Image pull time without eStargz:
Image pull with eStargz:
Prefetching files
What if you wanted the runtime to always download a file and disable lazy-pulling?
eStargz supports prefetching of files. This mitigates runtime performance drawbacks caused by the on-demand fetching of each file.
The example below always pulls ls
and bash
files before starting the container:
$ cat <<EOF > /tmp/record.json
{ "path" : "/usr/bin/bash" }
{ "path" : "/usr/bin/ls" }
EOF
$ nerdctl image convert --estargz --oci \
--estargz-record-in=/tmp/record.json \
ubuntu:21.04 ubuntu:21.04-ls
Seekable OCI (SOCI)
Seekable OCI (SOCI) is a technology open sourced by AWS that enables containers to launch faster by lazily loading the container image. SOCI works by creating an index (SOCI Index) of the files within an existing container image. This index is a key enabler to launching containers faster, providing the capability of extracting an individual file from a container image before downloading the entire archive.
SOCI borrows some of the design principles from stargz-snapshotter, but takes a different approach.
A SOCI index is generated separately from the container image, and is stored in the registry as an OCI Artifact and linked back to the container image by OCI Reference Types. This means that the container images do not need to be converted, image digests do not change, and image signatures remain valid.

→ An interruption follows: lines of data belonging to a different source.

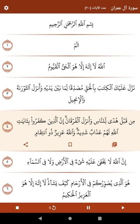 فالتطبيق يحتوي على: المصحف الشريف، التفسير المُيسر، وتفسير السعدي، وإعراب القرءان الكريم، وترجمة باللغة الإنجليزية، وتلاوات متعددة لكبار الشيوخ كل آية على حدى.
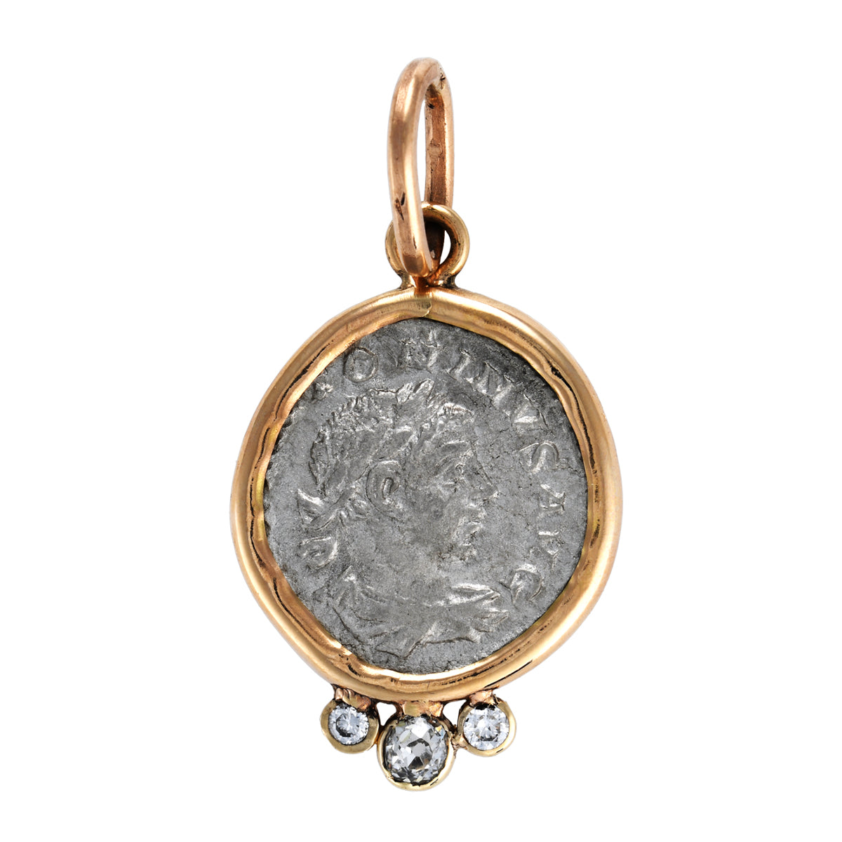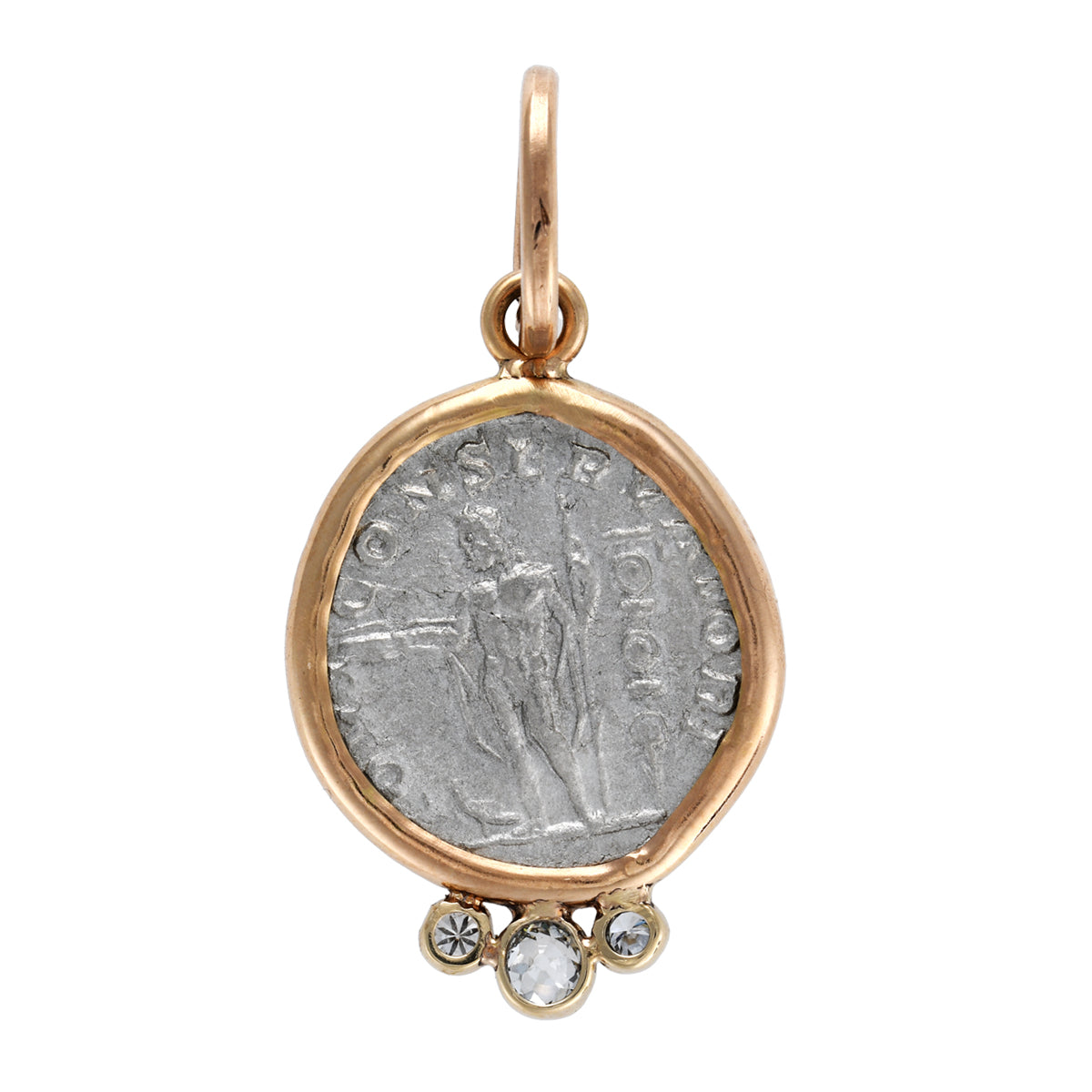 Materials: Silver coin set in 14 karat yellow gold carrier adorned with three old rose cut diamonds.
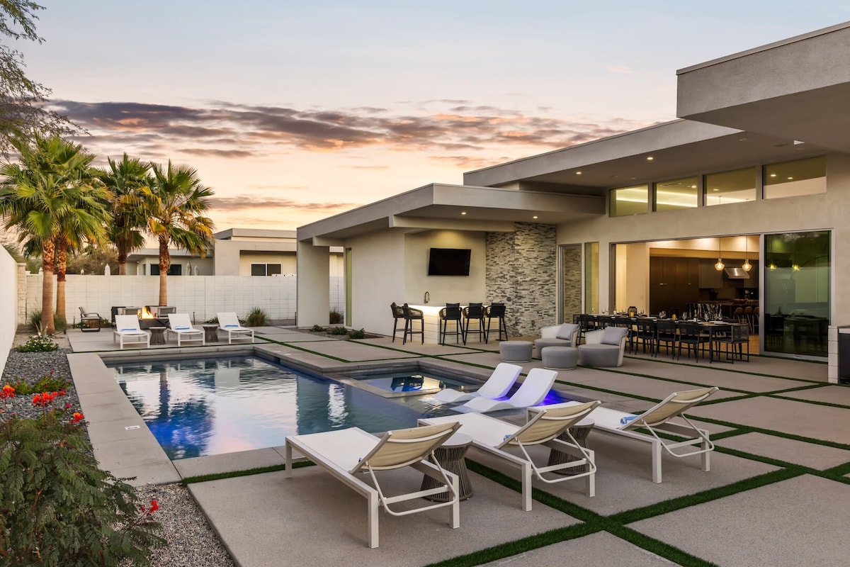 Elemento Platinum is a luxury desert estate part of the Elemento 49 community; Featuring 9 custom built modern homes by award winning architect Charles Austin all designed with sophistication and functionality to be the ideal luxury vacation experience. The perfect spot for large groups, can comfortably sleep up to 18 guests, and can be combined with the Gold property next door to sleep up to 36 guests! With a pickleball court, luxury pool/spa, and fire pit you'll never be saying "I'm Bored!"
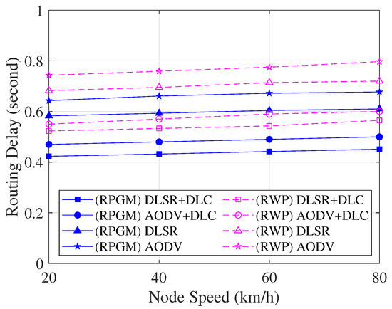 Figure 15 compares the routing delay, which includes the consumed time for cluster construction per session as a function of node speed. As we can see in Figure 15, when node speed increases, the delay increases as well. The reason is that when the speed increases, frequent network topology changes lead to frequent interruptions in data transmission. Again, the protocol functioning under the RPGM model proves to be more stable than that under the RWP model. The reason is that the coordinated group movement in RPGM minimizes abrupt shifts in the network topology, consequently reducing the delay in establishing routes. Conversely, CH and GW are the only nodes involved in the proposed DLSR+DLC protocol, which leads to enhancing the efficiency of the routing process. Thus, the DLSR+DLC protocol with the RPGM model can transmit packets with the least amount of delay compared to other protocols.
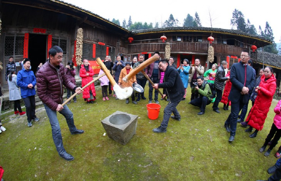 更具特色的要數(shù)正月十五趕毛狗子了。傳說毛狗子(狐貍的俗稱)喜歡偷雞吃,所以必須得趕走。趕毛狗這一天,親朋好友聚在一起,先用竹筒做成火把或用木梓油做成燈備用,再砍樹枝搭成棚子,放入草扎的毛狗子,堆放未破節(jié)的竹筒和火炮樹葉。待天黑,男女老少全部出動,在屋邊及路邊插上點燃的火把、燈,然后燒燃毛狗棚,這邊的人群發(fā)出“哦嗬”聲,那邊的人群高喊“趕毛狗子喲!”此時,滿山遍野火光沖天,叫喊聲此起彼伏,震耳欲聾,熱鬧非凡。
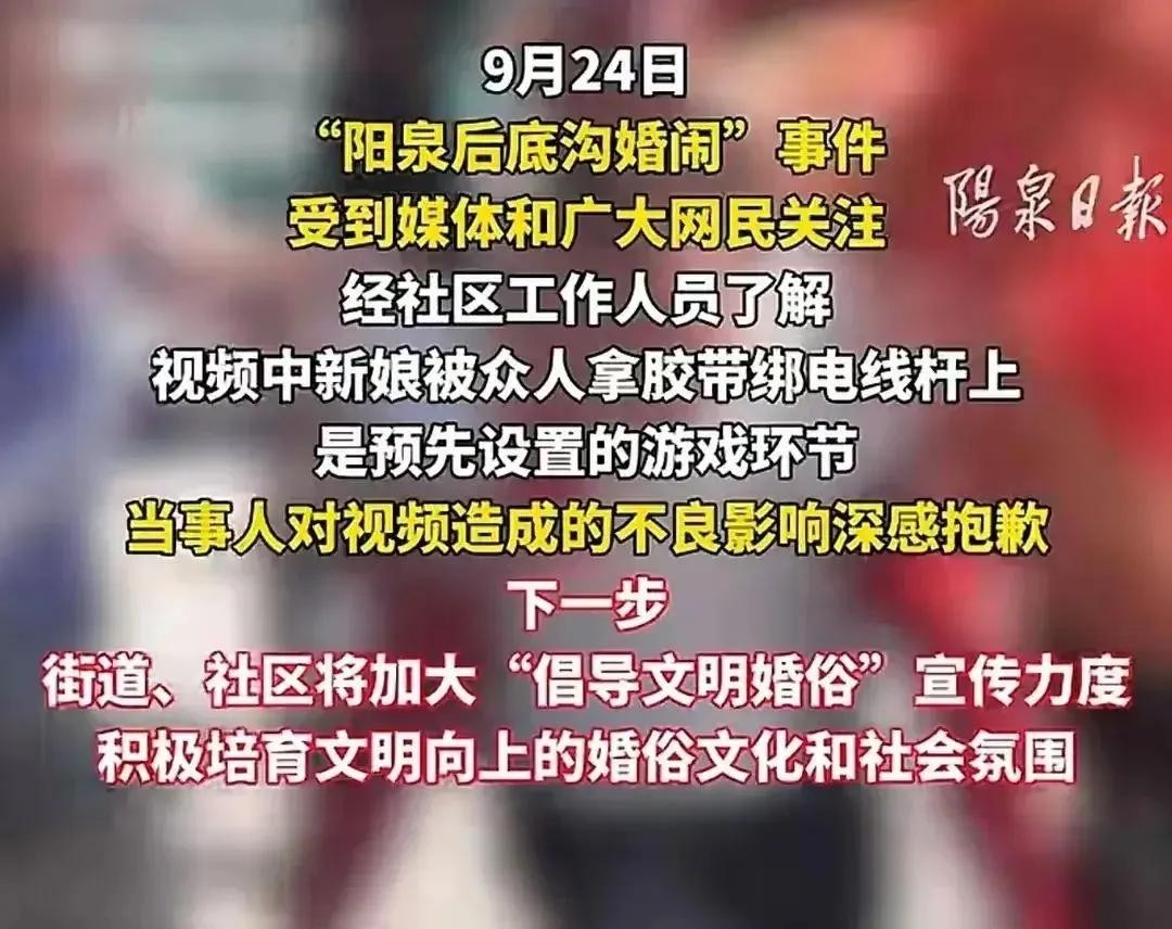 回望这起山西阳泉的恶俗婚闹事件,我们为新娘的遭遇感到痛心。
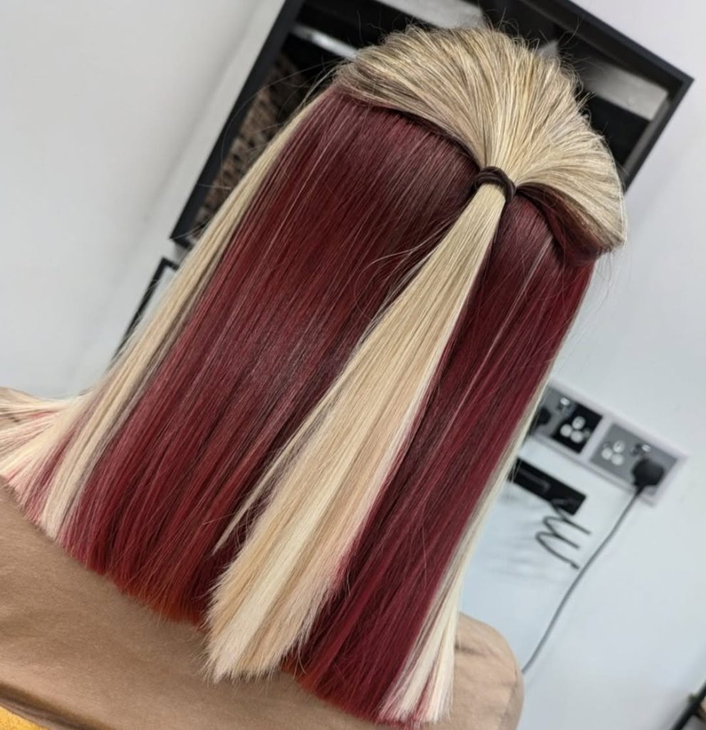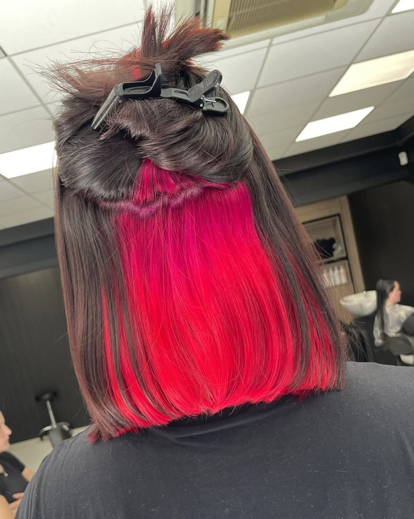 “It’s peek-a-boo on serious steroids: graphic cherry A red panel hides beneath a blunt, shoulder-grazing bob. With hair down it’s mysterious; clip the crown, and the neon underlayer turns the cut into modern art. The contrast sharpens jawlines and makes black wardrobes look intentional.
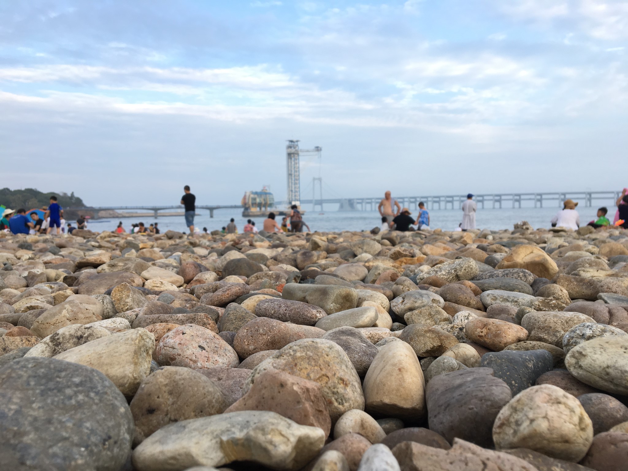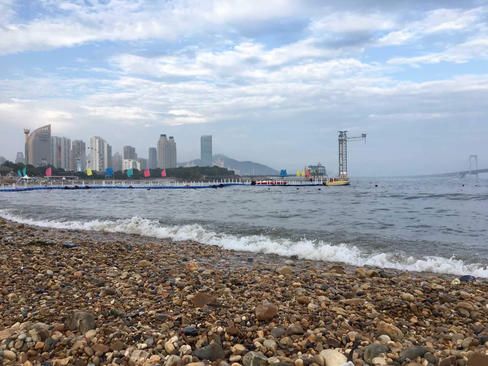 这里的海岸是不是沙子,是鹅卵石构成的,所以不适合光脚下去建议穿一双拖鞋,不至于太硌脚,但是最佳游泳地点不是这里,而是后面小编介绍的地方——棒棰岛,后面小编也会有详细的介绍~
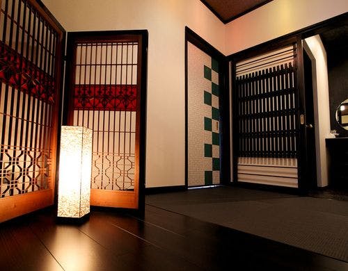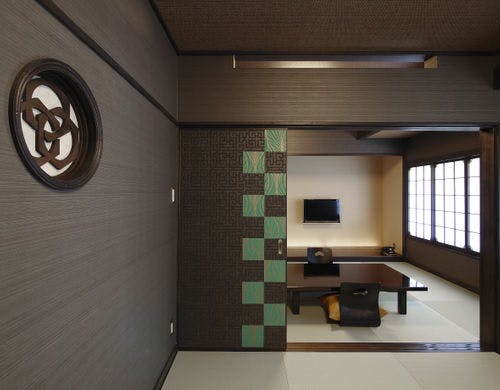 非日常の美しい空間に包まれ、デザイナーが手掛けた和モダンの部屋で心ゆくまでくつろぐ。 貸切風呂の贅沢な時間が旅の彩りに。
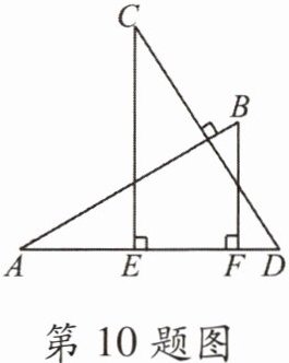 10. 如图,$ AB \perp CD $,且 $ AB = CD $。$ E $,$ F $ 是 $ AD $ 上两点,$ CE \perp AD $,$ BF \perp AD $。若 $ CE = a $,$ BF = b $,$ EF = c $,则 $ AD $ 的长为
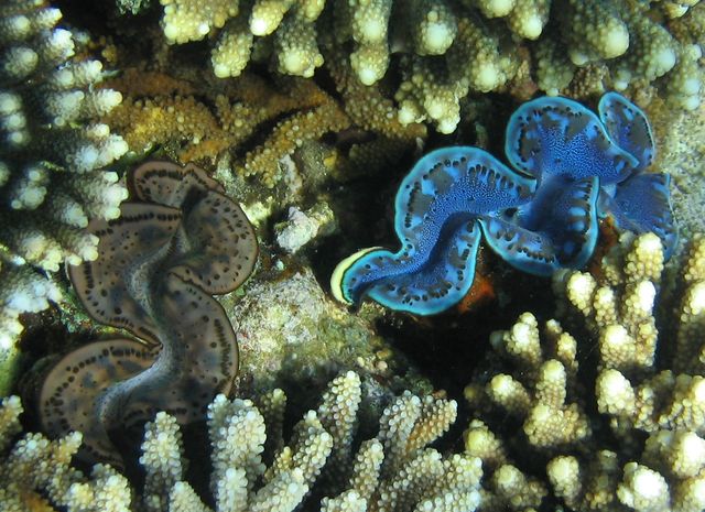 Although the clams do some filter feeding, they are mostly dependent on another source of energy: they have a symbiotic relationship with microscopic algae called zooxanthellae, just like corals do. The “zoox” perform photosynthesis, and transfer the sugars they produce to the clam, in exchange for a safe place to live within the clam. Some giant clams have another symbiotic relationship as well, with a type of small crab that can live inside the mantle cavity.
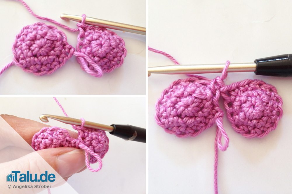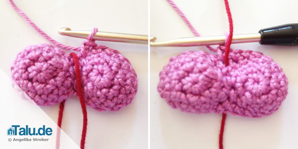 Zuerst müssen die beiden Käppchen verbunden werden. Im rechten Käppchen (zweites Käppchen) steckt noch die Häkelnadel. Das linke Käppchen so in die Hand nehmen, dass der Arbeitsfaden des rechten Käppchens direkt an das linke Käppchen angehäkelt werden kann. Die erste Einstichstelle ist der Maschenkopf, der sich links von der langgezogenen Schleife befindet.
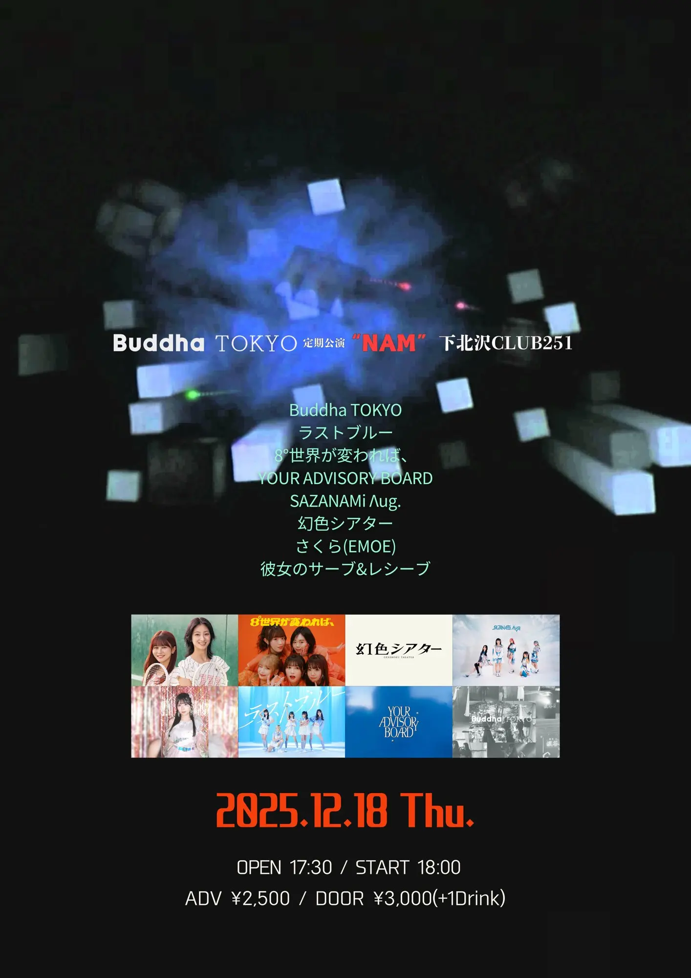 出演者 Buddha TOKYO / ラストブルー / YOUR ADVISORY BOARD / 8°世界が変われば、 / SAZANAMi Λug. / 幻色シアター / さくら(EMOE) / 彼女のサーブ&レシーブ
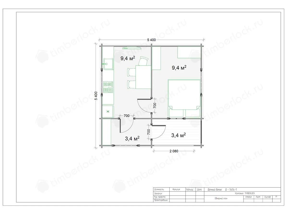 Эргономичный проект дачного домика с небольшой прихожей и двумя жилыми комнатами по 9.4м2.

Most OCI registries like DockerHub and ECR do not currently support the "referrers" feature. So you cannot use SOCI unless you run a local ORAS registry.
Conclusion
If you are looking to reduce container start time for your workloads, eStargz snapshotter is definitely worth a look. You’ll have to change your existing container build pipelines to add a step to convert images though. When SOCI support is available in OCI registries, you’ll be able to lazily-pull images without converting them first.
You’ll also have to install eStargz snapshotter on your nodes and configure containerd to use the plugin. Creating a custom AMI or using AWS Systems manager will be the best way to do that. You could also use a DaemonSet to configure the system, but keep in mind that you’ll need to account for restarting the containerd and kubelet.